Main classes: `discreteQlearningAgent` and `gymTrainer`. 

To do:
- Inherit all agents from a common (abstract) class. Check if a loaded agent is correct before the training (or test).
- Add a function that checks sizes of state and action spaces in a given (discrete) environments and test if the same agent implementations can be used in other environments.
- Implement other agents:
    - SARSA.
    - Policy gradient.
    - Model based (e.g., Dyna-Q).
    - A better handcrafted agent (graph search + heuristics).  
- Add and test a potential-based shaping reward function [Ng, A. Y., Harada, D., & Russell, S. (1999, June). Policy invariance under reward transformations: Theory and application to reward shaping. In Icml (Vol. 99, pp. 278-287).](https://people.eecs.berkeley.edu/~pabbeel/cs287-fa09/readings/NgHaradaRussell-shaping-ICML1999.pdf)
- Non-tabular (functional approximator) training for randomized maps.
- Functional approximators for non-discrete environments.

Comments
- Looking at the Q function I can see some interesting (rather simple) tactics. For example, it's often better not to go directly "where we want", but instead to go in the direction opposite to H. 
- Two related reasons why it is useful to switch between greedy and stochastic policies:
    - We test how the greedy (with respect to the estimated Q-function) performs. That way we can gauge the real progress.
    - Stochastic (softmax) policy rarely gets to the goal, because it is not easy to tune $\beta$ (this is the reason why I randomize $\beta$). This slows down the traning. Greedy policies, on the other hand, may not explore enough. This is why it may be a good idea to interleave both policies during training.

In [None]:
import gym
import numpy as np
import matplotlib.pyplot as plt
import pickle

# By default the FrozenLake environment has an internal maximum of 200 steps (done is set to True after 200 steps).
# Because of that, we do not really need the constant below. However, it is possible to remove this restriction in the environment. 
# In that case we can restrict the number of steps taken in the environment at the level of this module using the constant below.
MAX_LEN_EPISODE = 201    

# In FrozenLake environment actions are encoded as follows:
# 0: LEFT
# 1: DOWN
# 2: RIGHT
# 3: UP

# ------------RL agent (tabular Q-learning)-----------------
class discreteQlearningAgent:
    """A class representing an agent solving the task defined in the OpenAI Gym FrozenLake8x8-v0 environment. 

    Attributes
    ----------
    ... TO DO !!!!!!

    Methods
    -------
    new_episode(state=0):
        Resets attributes representing state (s) and action (a). Should be 
        called at the beginning of each episode.
    set_alpha(alpha=0, step = 0, scheduler=True):
        Sets a new value of the learning rate (alpha).
    set_beta(beta=0, step = 0, scheduler=True):
        Sets a new value of the inverse temperature (beta).
    select_action(greedy=False):
        Selects action.
    update(self, obs, r, done, learn = True):
        Update the state and Q-function (observation + learning).

    Comments
    --------
    Currently, only tabular Q-learning is implemented. This is fine if the map is fixed, but 
    will not generalize to new maps. A more powerful representation with a functional 
    approximation (ConvNet?) is needed to solve a more general (and much more interesting!) 
    problem of an environment in which the map is randomly generated in each episode.

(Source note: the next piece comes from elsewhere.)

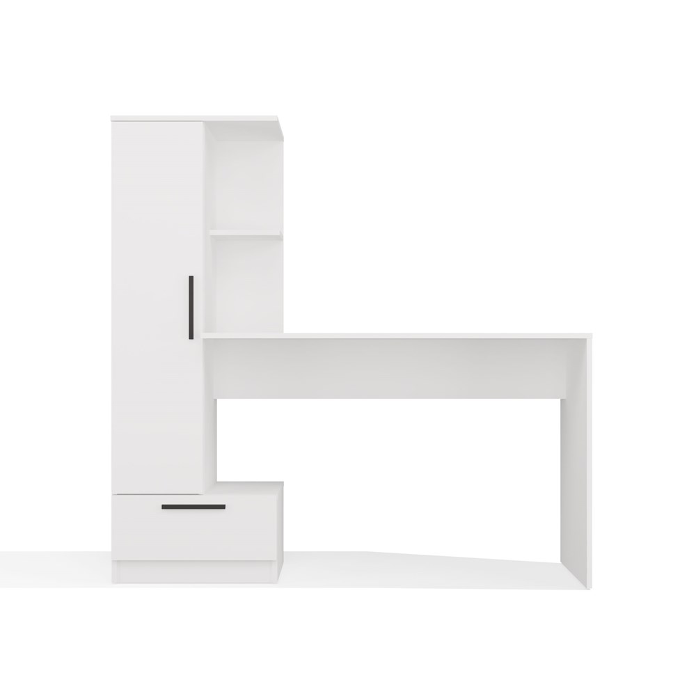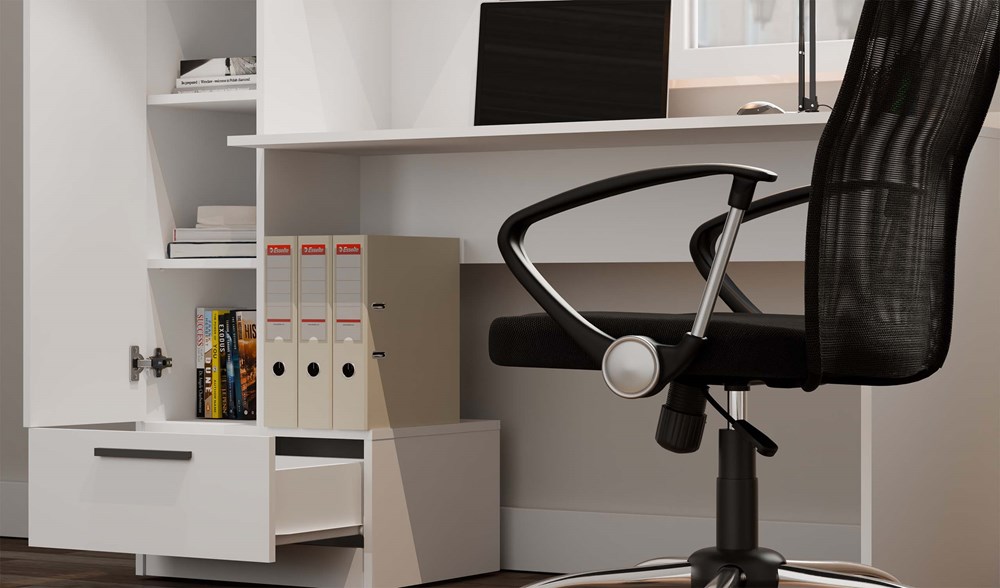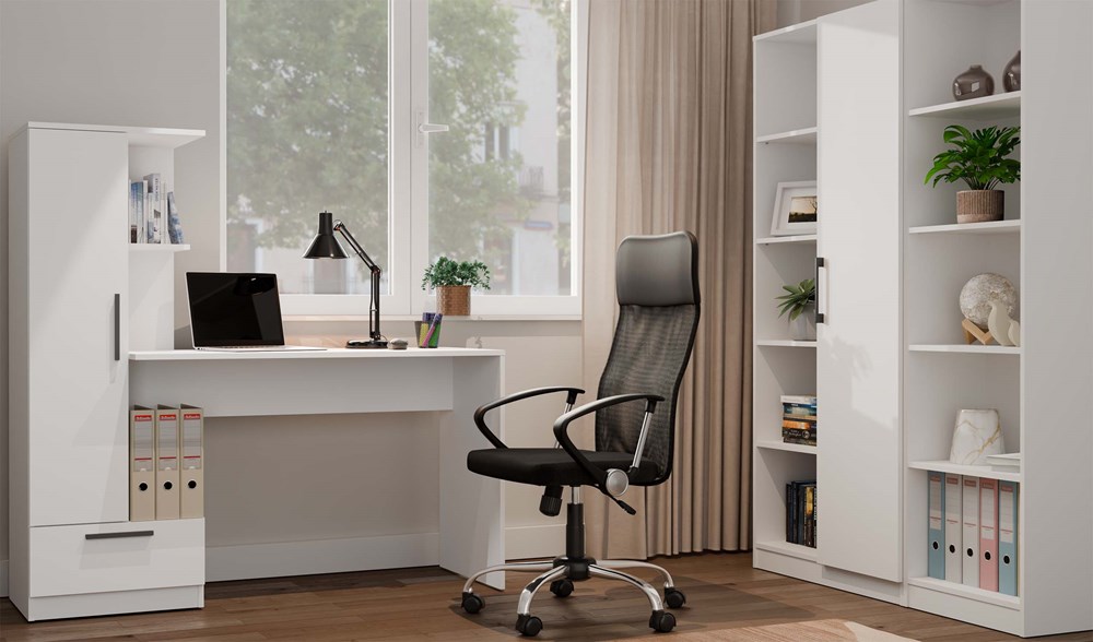 Promyšlené řešení 2 v 1 – psací stůl a police s uzamykatelným úložným prostorem Psací stůl COSMO je praktickým a kompaktním řešením pro ty, kteří hledají pohodlné místo pro práci nebo studium a zároveň funkční úložný prostor. Nábytek se perfektně hodí do pokoje pro mládež, domácí kanceláře nebo pracovny. Integrovaná knihovna je vybavena částí uzavíratelnou dvířky, za nimiž se nacházejí tři prostorné police, a také zásuvkou a otevřenými policemi, díky nimž snadno roztřídíte všechny potřebné věci – od knih a dokumentů po drobnosti. Hlavní výhody sady COSMO: Vestavěná policová skříň s dvířky – 4 skryté police na dokumenty, kancelářské potřeby nebo méně estetické předměty Otevřené police – snadný přístup k nejčastěji používaným věcem Funkční spodní zásuvka – na drobnosti, sešity nebo doplňky Široká pracovní deska – pohodlný prostor pro práci s notebookem nebo poznámkami. Moderní, kompaktní forma – skvěle se hodí i do menších místností. Minimalistické úchytky a forma – hodí se k mnoha stylům interiérů. Psací stůl COSMO je ideální volbou pro ty, kteří ocení ergonomii, moderní styl a pořádek na pracovišti nebo v místě studia. Díky funkčnímu regálu a široké pracovní desce snadno vytvoříte pohodlný prostor pro práci – i v malé místnosti.

    This implementation is not very general. In particular, the number of states and actions 
    is not inferred from the environment and as such this class by default only deals with 
    the specific environment it was designed for (FrozenLake8x8-v0). 
    However, the user can set Nstates and Nactions during the creation of an object, 
    which should allow this class to handle any Discrete action and state Space from the Gym (not tested).

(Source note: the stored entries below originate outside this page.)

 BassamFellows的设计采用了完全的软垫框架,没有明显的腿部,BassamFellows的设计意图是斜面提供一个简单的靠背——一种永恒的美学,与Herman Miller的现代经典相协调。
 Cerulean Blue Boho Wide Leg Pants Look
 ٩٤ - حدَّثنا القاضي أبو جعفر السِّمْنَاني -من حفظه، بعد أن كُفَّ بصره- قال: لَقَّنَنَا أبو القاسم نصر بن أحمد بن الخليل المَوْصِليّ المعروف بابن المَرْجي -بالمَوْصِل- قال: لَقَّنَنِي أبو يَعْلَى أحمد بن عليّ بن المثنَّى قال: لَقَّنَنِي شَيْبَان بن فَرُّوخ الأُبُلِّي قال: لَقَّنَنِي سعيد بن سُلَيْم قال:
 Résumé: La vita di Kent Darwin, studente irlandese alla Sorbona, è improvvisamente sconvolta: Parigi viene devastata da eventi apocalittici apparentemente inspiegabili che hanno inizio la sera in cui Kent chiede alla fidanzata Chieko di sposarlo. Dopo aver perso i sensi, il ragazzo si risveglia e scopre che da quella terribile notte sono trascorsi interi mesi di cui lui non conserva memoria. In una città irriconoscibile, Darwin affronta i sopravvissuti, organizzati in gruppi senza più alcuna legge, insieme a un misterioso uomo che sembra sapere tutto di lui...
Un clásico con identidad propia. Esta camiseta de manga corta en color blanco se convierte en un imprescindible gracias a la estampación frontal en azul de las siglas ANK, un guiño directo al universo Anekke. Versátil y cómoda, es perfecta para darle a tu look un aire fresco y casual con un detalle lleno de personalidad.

    It is also possible to write a more generic code using Spaces: env.observation_space and env.action_space,
    see: https://gym.openai.com/docs/#spaces.

    A more elegant way would be to introduce an abstract class of an agent ("baseAgent") (e.g., using abc).
    That would allow us to check if an object 'agent' is an instance of the class baseAgent. 
    Due to limited time I won't take this approach here.
    """

    def __init__(self, gamma=0.99, alpha0=0.1, alpha_tau = 10000, beta0=3, beta_tau = 1e9, random_beta = True, state=0, Qinit=1, Nstates = 64, Nactions = 4):
        """Initialize the agent."""
        # Initialize tabular Q function.
        # Shape should be (# of states, # of actions) = (64, 4). 
        # Actions (from 0 to 3): left, down, right, up.
        self.Q  = np.zeros( (Nstates, Nactions) ) + Qinit # Start with an optimistic agent (to encourage exploration). 

        # Initialize learning parameters.
        self.gamma     = gamma
        self.alpha     = alpha0
        self.alpha0    = alpha0
        self.alpha_tau = alpha_tau
        
        # Initialize action selection parameters.
        self.beta0       = beta0
        self.beta_tau    = beta_tau
        self.random_beta = random_beta

        # Set variables that should be reset at the beginning of each episode.
        self.new_episode(episode = 0) 

    def new_episode(self, episode=None, state=0):
        # Initialize the state.
        self.s  = state
        # Initialize the action variable (None, because no action was taken so far)
        self.a  = None
        # Either add 1 to the episode number, or set it externally
        if episode is None:
            self.episode += 1
            episode = self.episode
        else:
            self.episode = episode
        # Set a new value of alpha.
        self.set_alpha(step = episode)
        # Set a new value of beta.
        self.set_beta(step = episode, random=self.random_beta)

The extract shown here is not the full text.